Yet I fear they’ll wait forever, for reasons explained, so if they want things to change they’ll have to do it themselves. It wouldn’t be hard – a few people could simply say “Let’s form an association just for metal detectorists that behave very, very, well and see if we can reap some benefits and do some good!” Such people are out there, just an email away from setting themselves up, writing some rules and issuing badges. They nearly did it a few years ago (at my suggestion) but made the mistake of asking the rest for permission and heard: “Bad idea…. mustn’t split the hobby…. unity is strength.” Strength for who one might ask. It’s not hard to see who has been piggybacking on the good behaviour of others for many years. In truth ethicality is strength, not unity.
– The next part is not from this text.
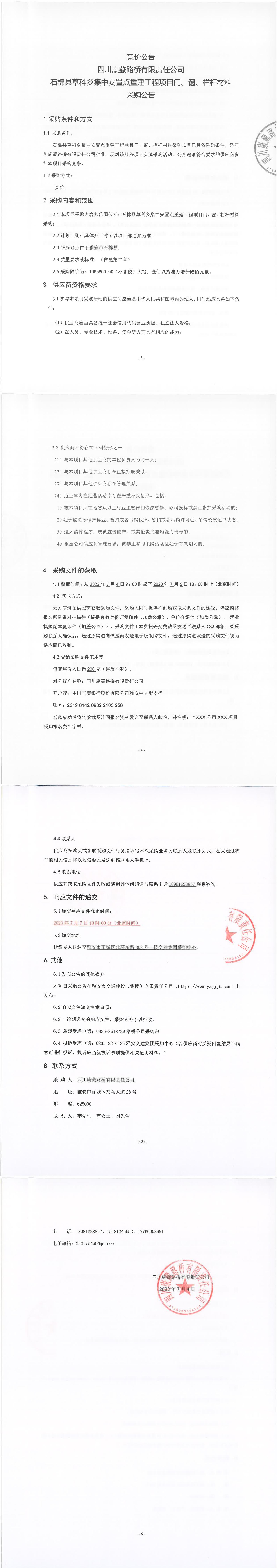 四川康藏路橋有限責(zé)任公司石棉縣草科鄉(xiāng)集中安置點(diǎn)重建工程項(xiàng)目門、窗、欄桿材料采購公告
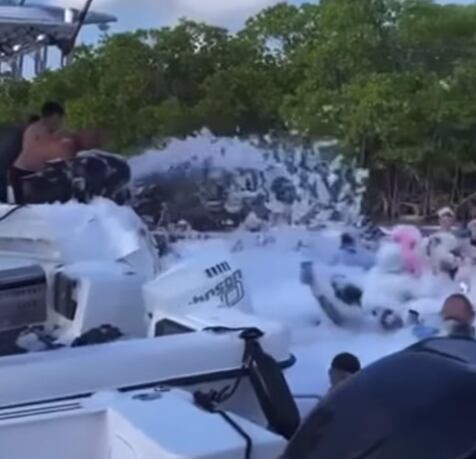 En las imágenes difundidas por la meteoróloga Deborah Martorell, se ven a unos ciudadanos en un “espuma party” lanzando jabón en el lugar que es una reserva natural y hábitat de manatíes. Además de la gran cantidad de personas, también se perciben varias embarcaciones que inundan el lugar.

Who would think of banning or restricting ethical detectorists? No-one! If detectorists were ever subject to regulation the last detectorists left in the fields would be the ethical ones, it’s a certainty.

Anyhow, here’s an outline for an Ethical Metal Detecting Association. Not an entirely ethical, minimal damage one, but a lot better than “responsible”. It will have a permanent place on the net in due course with a link from the Journal. Unlike the Code it’s not going to be watered down to suit the unwilling, or sent to the National Council for Metal Detecting for emasculation, it’s just going to sit there as a reminder of what’s right and a reproach to those that think “right” ought to be ditched in the face of bellicosity. Many detectorists (the ones who wouldn’t comply) will trot out a zillion reasons why it’s preposterous and unrealistic. Ethical detectorists will know otherwise. If any of them (the ethical ones not the ones that say that what ethical detectorists already do is actually impossible and unrealistic) care to comment please do. Alternatively if they would like to correspond with us in strict confidence or anonymously via info@heritageaction.org we’d be interested to hear their thoughts.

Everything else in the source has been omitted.